Project

The respiratory tract constitutes a heterogeneous and compartmentalized environment in which biological, chemical, and physical factors shape pathogen evolution, notably that of fungi, in diverse ways. As the primary interface between pathogens and the host, it plays a decisive role in determining whether exposure results in successful clearance, colonization, or progression to invasive infection. In healthy individuals, respiratory fungal infection is uncommon despite continuous exposure to inhaled microbes, owing to the efficiency of multiple host defense mechanisms at the respiratory mucosa. Among these, the coordinated action of mucociliary clearance and innate immune surveillance provides a highly effective barrier, ensuring entrapment and removal of inhaled conidia while preserving pulmonary homeostasis. However, this equilibrium can be disrupted under conditions of impaired immunity.
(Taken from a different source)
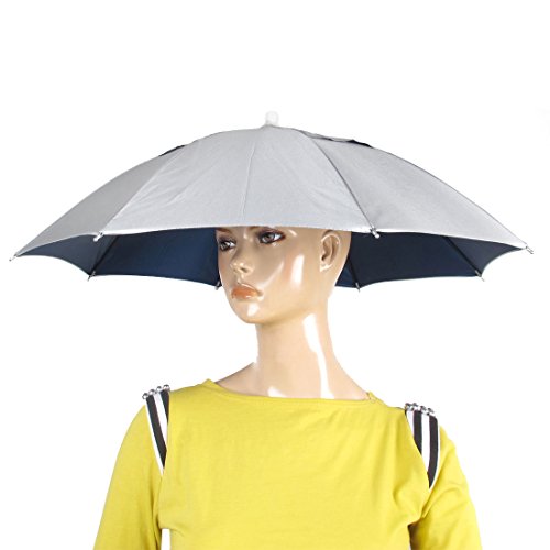 -. Feature : Product Name : Umbrella Hat;Material : Polyester, Metal, Plastic / Fit for Head Girth : 53- 59/20.9"- 23.2";Unfolded Diameter (Approx.) : 63cm / 24.8" / Folded Length (Approx.) : 15cm / 5.9";Color : Silver Tone, Dark Blue, Black, White / Weight : 130g / Package Content : 1 x Umbrella Hat

In the context of immunodeficiency, the weakening of host defenses predisposes patients to invasive fungal infections. Conversely, in certain chronic respiratory disorders, fungal colonization of the lower airways is often well-tolerated. For example, in patients with cystic fibrosis (CF), persistent colonization with Aspergilus fumigatus and Scedosporium apiospermum is common. While the presence of these molds now highlighted in the WHO priority list of fungal pathogens may contribute to allergic or inflammatory complications in some patients, in others colonization remains clinically asymptomatic .Early detection of fungal colonization is therefore essential, as lung transplantation remains the ultimate therapeutic option for patients with advanced CF. Despite this, our knowledge of the molecular and cellular processes by which the CF microenvironment shapes the physiology of A. fumigatus and S. apiospermum remains limited, and even less is known about how these environmental changes affect their interactions with the host.